# WORK REQUEST
Given these entries, repeat exactly the lines starting with the one that has "Just 293 '4" and going on through the one that has "Redis Cluster、MongoDB、AnalyticDB Worker,即有一个", both included, but none of the pictures.

# SOURCE MATERIAL
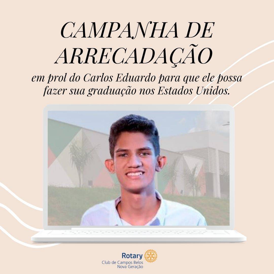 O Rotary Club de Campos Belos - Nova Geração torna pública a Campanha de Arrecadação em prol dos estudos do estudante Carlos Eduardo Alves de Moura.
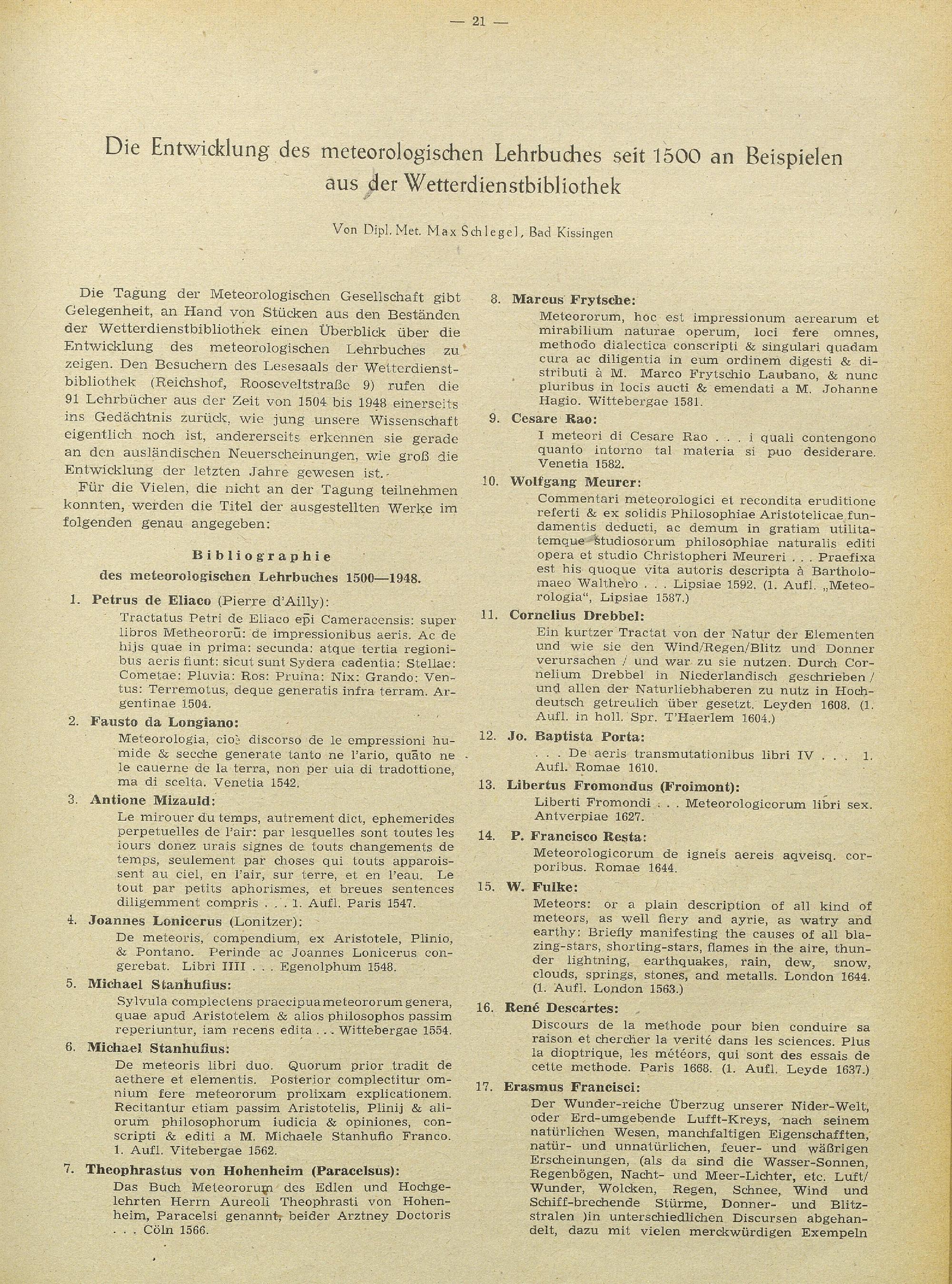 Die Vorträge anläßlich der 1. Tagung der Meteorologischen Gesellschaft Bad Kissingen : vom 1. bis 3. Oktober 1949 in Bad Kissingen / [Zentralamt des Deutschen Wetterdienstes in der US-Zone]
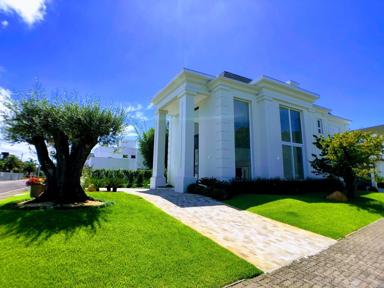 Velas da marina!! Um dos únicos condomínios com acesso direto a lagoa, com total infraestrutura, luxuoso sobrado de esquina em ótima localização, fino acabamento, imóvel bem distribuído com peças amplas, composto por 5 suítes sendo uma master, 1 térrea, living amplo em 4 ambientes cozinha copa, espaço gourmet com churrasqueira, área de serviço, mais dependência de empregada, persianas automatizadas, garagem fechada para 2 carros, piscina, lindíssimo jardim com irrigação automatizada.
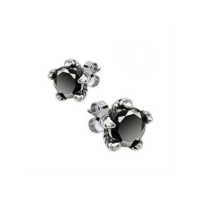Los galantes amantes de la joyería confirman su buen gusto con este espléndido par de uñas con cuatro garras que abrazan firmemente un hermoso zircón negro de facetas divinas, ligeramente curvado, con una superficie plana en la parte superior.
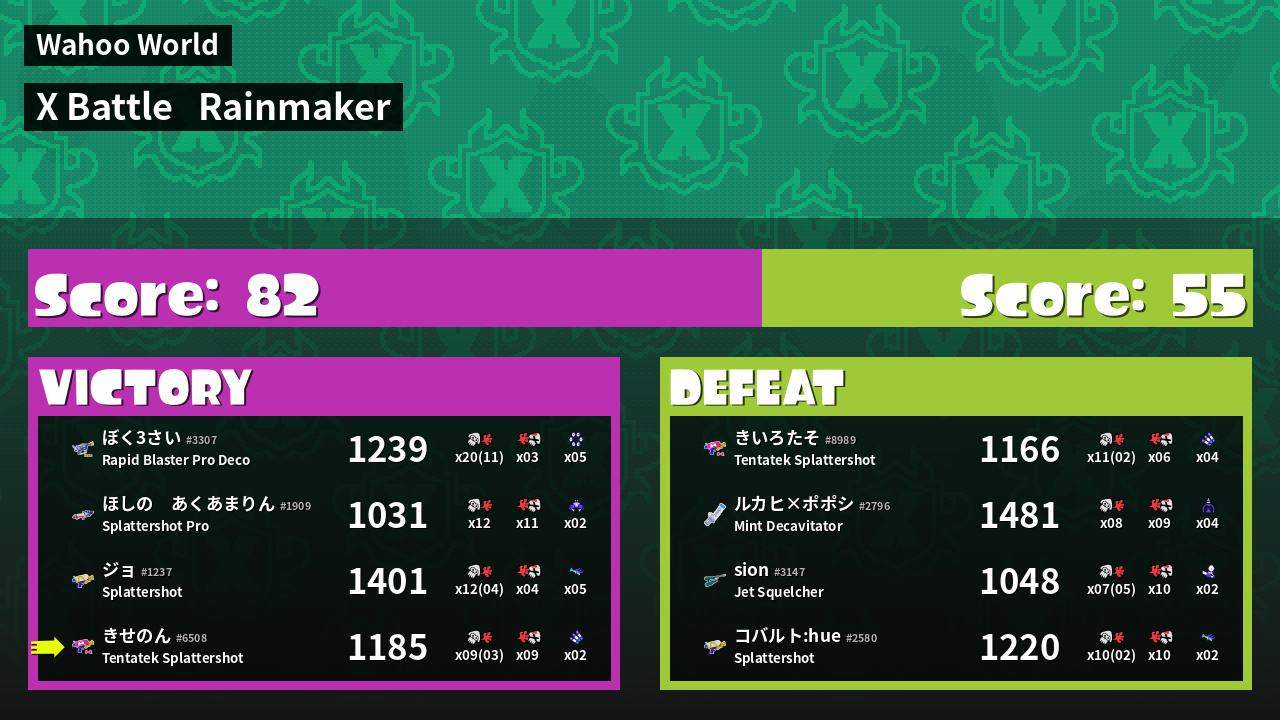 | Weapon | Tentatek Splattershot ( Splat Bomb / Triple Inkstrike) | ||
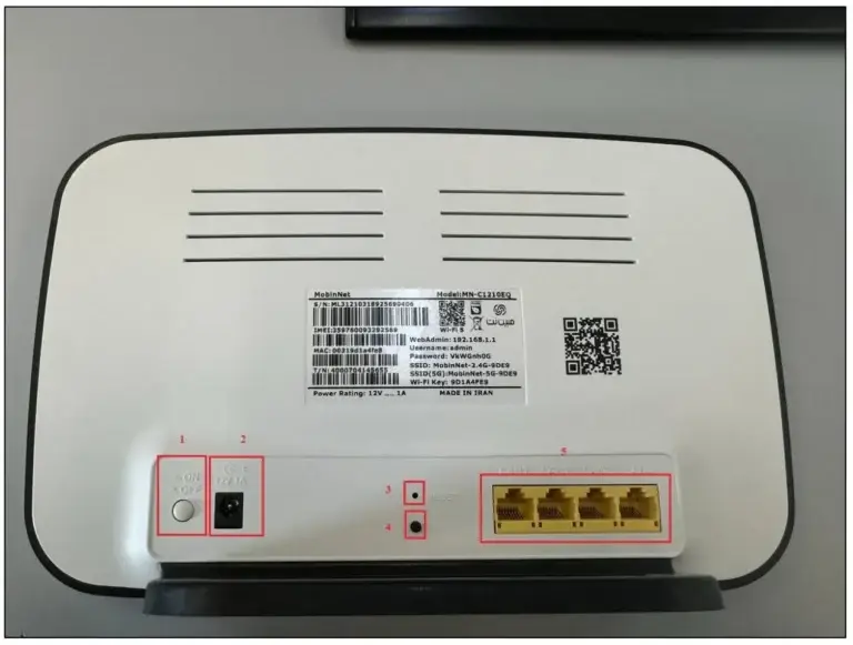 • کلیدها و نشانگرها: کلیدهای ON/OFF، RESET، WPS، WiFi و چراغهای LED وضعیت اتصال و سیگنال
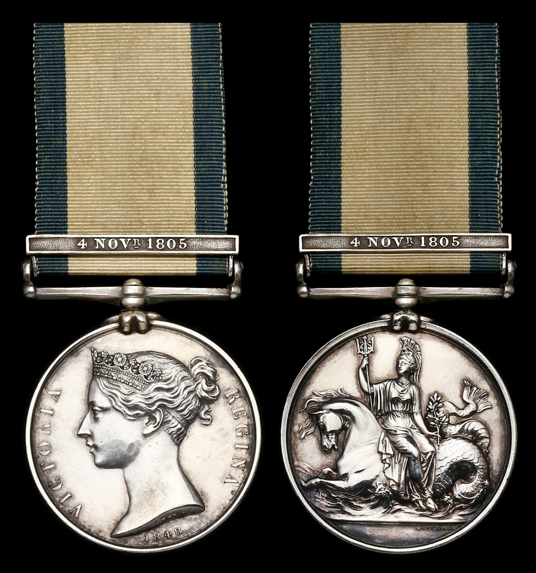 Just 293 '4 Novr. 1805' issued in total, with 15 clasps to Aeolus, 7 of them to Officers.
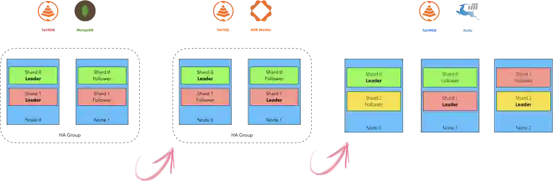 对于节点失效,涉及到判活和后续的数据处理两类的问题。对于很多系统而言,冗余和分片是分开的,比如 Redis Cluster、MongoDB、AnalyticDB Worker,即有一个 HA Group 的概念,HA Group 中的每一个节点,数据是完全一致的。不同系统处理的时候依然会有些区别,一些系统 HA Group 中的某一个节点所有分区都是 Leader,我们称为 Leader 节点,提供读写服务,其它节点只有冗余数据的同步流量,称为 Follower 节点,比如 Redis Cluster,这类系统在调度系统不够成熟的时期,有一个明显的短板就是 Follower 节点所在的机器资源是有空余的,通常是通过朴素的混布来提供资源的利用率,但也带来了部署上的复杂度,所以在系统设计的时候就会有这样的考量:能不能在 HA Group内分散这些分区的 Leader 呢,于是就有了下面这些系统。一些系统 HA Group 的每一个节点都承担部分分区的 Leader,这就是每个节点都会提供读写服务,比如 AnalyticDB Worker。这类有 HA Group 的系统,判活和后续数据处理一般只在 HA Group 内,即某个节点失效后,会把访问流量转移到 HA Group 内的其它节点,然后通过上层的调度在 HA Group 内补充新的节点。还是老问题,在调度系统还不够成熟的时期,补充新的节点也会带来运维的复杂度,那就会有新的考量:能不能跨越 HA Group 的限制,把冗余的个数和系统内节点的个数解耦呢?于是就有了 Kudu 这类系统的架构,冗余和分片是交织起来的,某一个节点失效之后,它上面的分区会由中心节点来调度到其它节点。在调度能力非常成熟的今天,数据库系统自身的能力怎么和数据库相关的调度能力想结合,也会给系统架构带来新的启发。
---
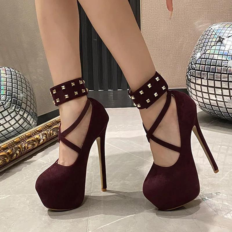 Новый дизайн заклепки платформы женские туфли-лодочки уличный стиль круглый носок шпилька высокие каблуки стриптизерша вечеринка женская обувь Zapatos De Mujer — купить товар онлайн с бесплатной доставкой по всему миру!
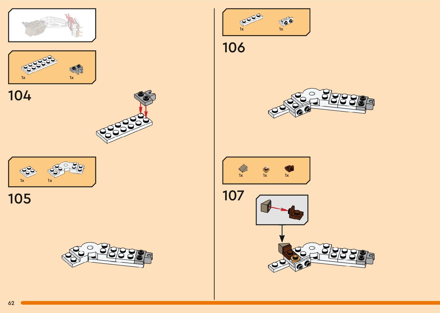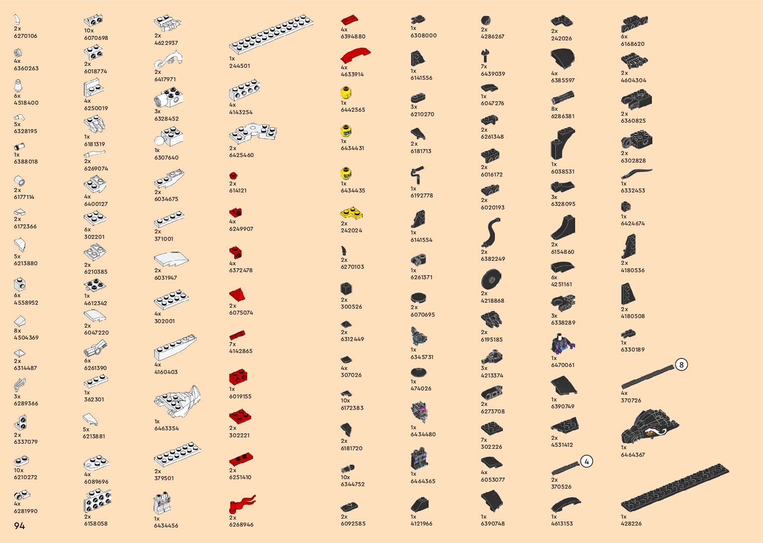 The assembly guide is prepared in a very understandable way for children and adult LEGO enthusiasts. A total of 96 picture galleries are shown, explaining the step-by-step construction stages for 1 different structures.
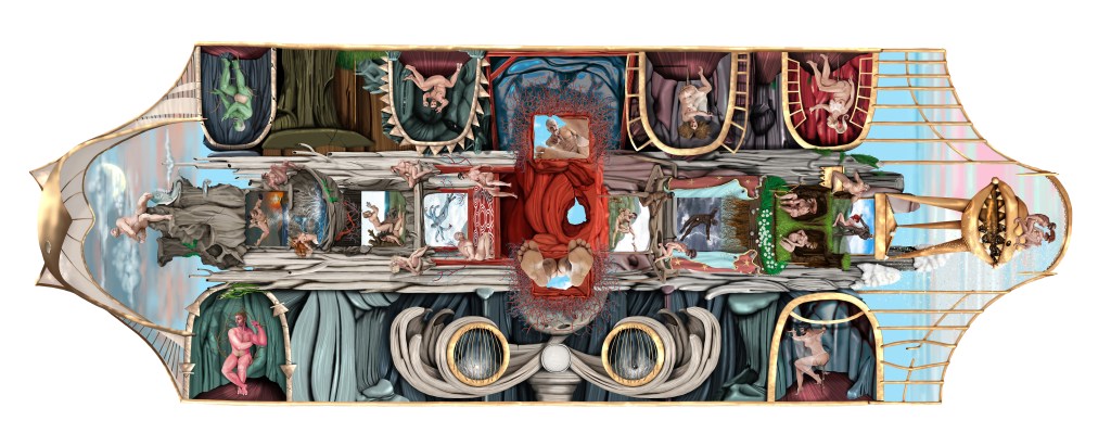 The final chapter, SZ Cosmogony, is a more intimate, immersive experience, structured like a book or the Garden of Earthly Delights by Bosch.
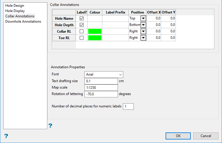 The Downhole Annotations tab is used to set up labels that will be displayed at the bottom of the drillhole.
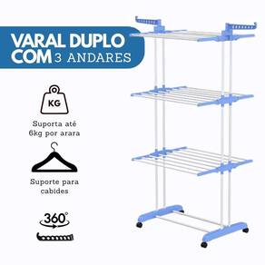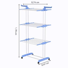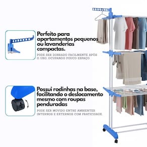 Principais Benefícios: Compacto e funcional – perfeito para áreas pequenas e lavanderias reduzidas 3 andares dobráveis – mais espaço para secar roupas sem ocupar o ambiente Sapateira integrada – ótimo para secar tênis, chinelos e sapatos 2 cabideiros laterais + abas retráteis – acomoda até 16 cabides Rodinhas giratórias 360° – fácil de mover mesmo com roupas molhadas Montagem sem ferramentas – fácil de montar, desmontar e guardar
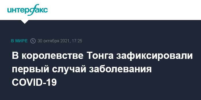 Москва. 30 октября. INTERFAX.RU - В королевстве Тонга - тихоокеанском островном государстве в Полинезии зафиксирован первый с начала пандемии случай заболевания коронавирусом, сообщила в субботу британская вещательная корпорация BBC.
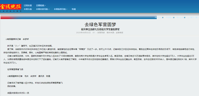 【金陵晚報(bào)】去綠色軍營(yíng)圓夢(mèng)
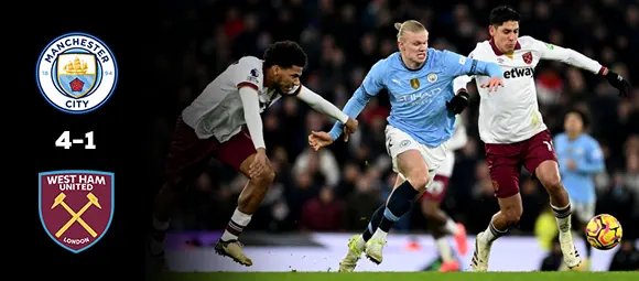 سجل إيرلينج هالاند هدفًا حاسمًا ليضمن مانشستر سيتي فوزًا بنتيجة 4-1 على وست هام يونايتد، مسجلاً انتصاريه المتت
* * *
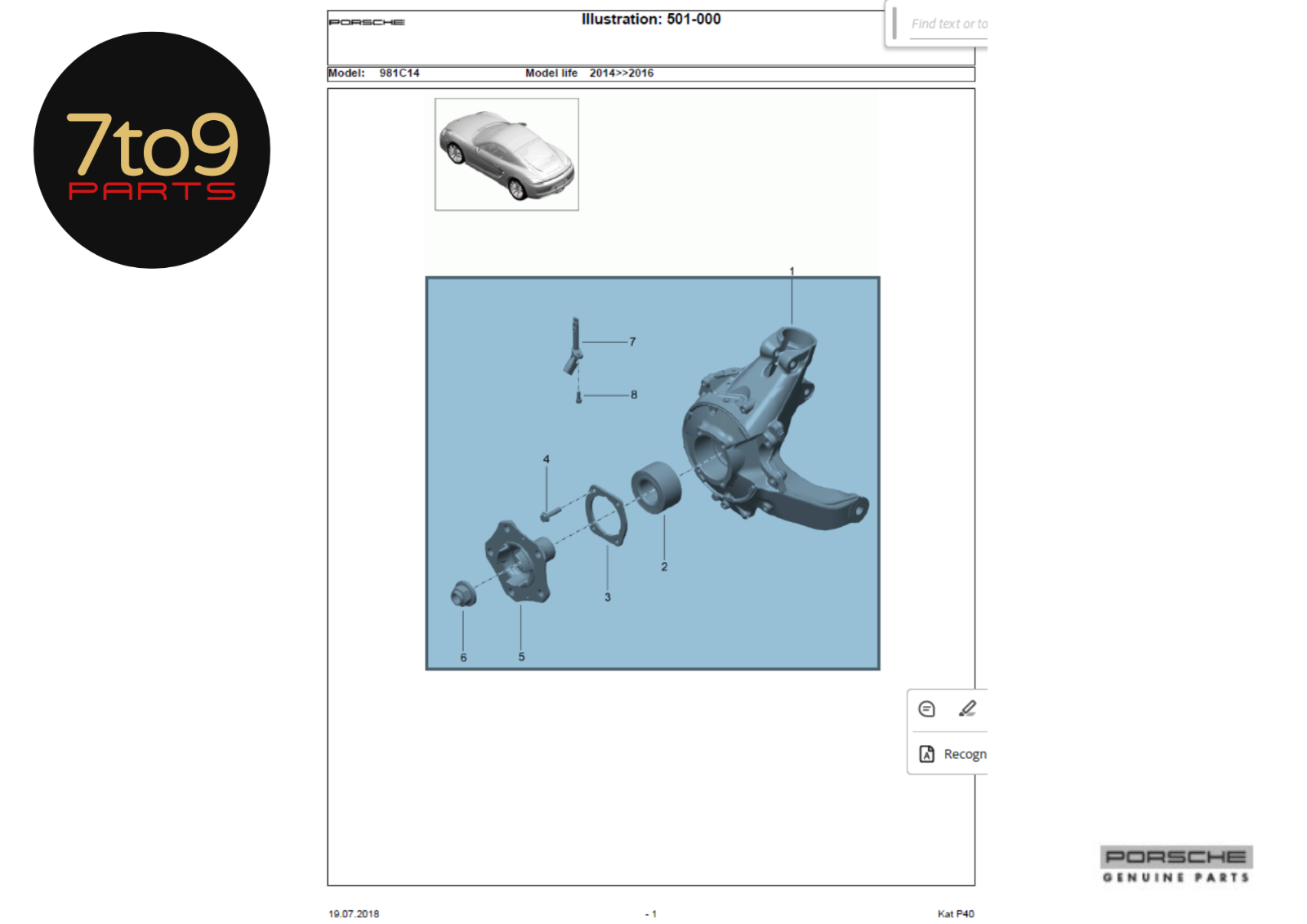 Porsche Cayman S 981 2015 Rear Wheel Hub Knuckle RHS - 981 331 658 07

# EXERCISE SOLUTION
 Just 293 '4 Novr. 1805' issued in total, with 15 clasps to Aeolus, 7 of them to Officers.
 对于节点失效,涉及到判活和后续的数据处理两类的问题。对于很多系统而言,冗余和分片是分开的,比如 Redis Cluster、MongoDB、AnalyticDB Worker,即有一个 HA Group 的概念,HA Group 中的每一个节点,数据是完全一致的。不同系统处理的时候依然会有些区别,一些系统 HA Group 中的某一个节点所有分区都是 Leader,我们称为 Leader 节点,提供读写服务,其它节点只有冗余数据的同步流量,称为 Follower 节点,比如 Redis Cluster,这类系统在调度系统不够成熟的时期,有一个明显的短板就是 Follower 节点所在的机器资源是有空余的,通常是通过朴素的混布来提供资源的利用率,但也带来了部署上的复杂度,所以在系统设计的时候就会有这样的考量:能不能在 HA Group内分散这些分区的 Leader 呢,于是就有了下面这些系统。一些系统 HA Group 的每一个节点都承担部分分区的 Leader,这就是每个节点都会提供读写服务,比如 AnalyticDB Worker。这类有 HA Group 的系统,判活和后续数据处理一般只在 HA Group 内,即某个节点失效后,会把访问流量转移到 HA Group 内的其它节点,然后通过上层的调度在 HA Group 内补充新的节点。还是老问题,在调度系统还不够成熟的时期,补充新的节点也会带来运维的复杂度,那就会有新的考量:能不能跨越 HA Group 的限制,把冗余的个数和系统内节点的个数解耦呢?于是就有了 Kudu 这类系统的架构,冗余和分片是交织起来的,某一个节点失效之后,它上面的分区会由中心节点来调度到其它节点。在调度能力非常成熟的今天,数据库系统自身的能力怎么和数据库相关的调度能力想结合,也会给系统架构带来新的启发。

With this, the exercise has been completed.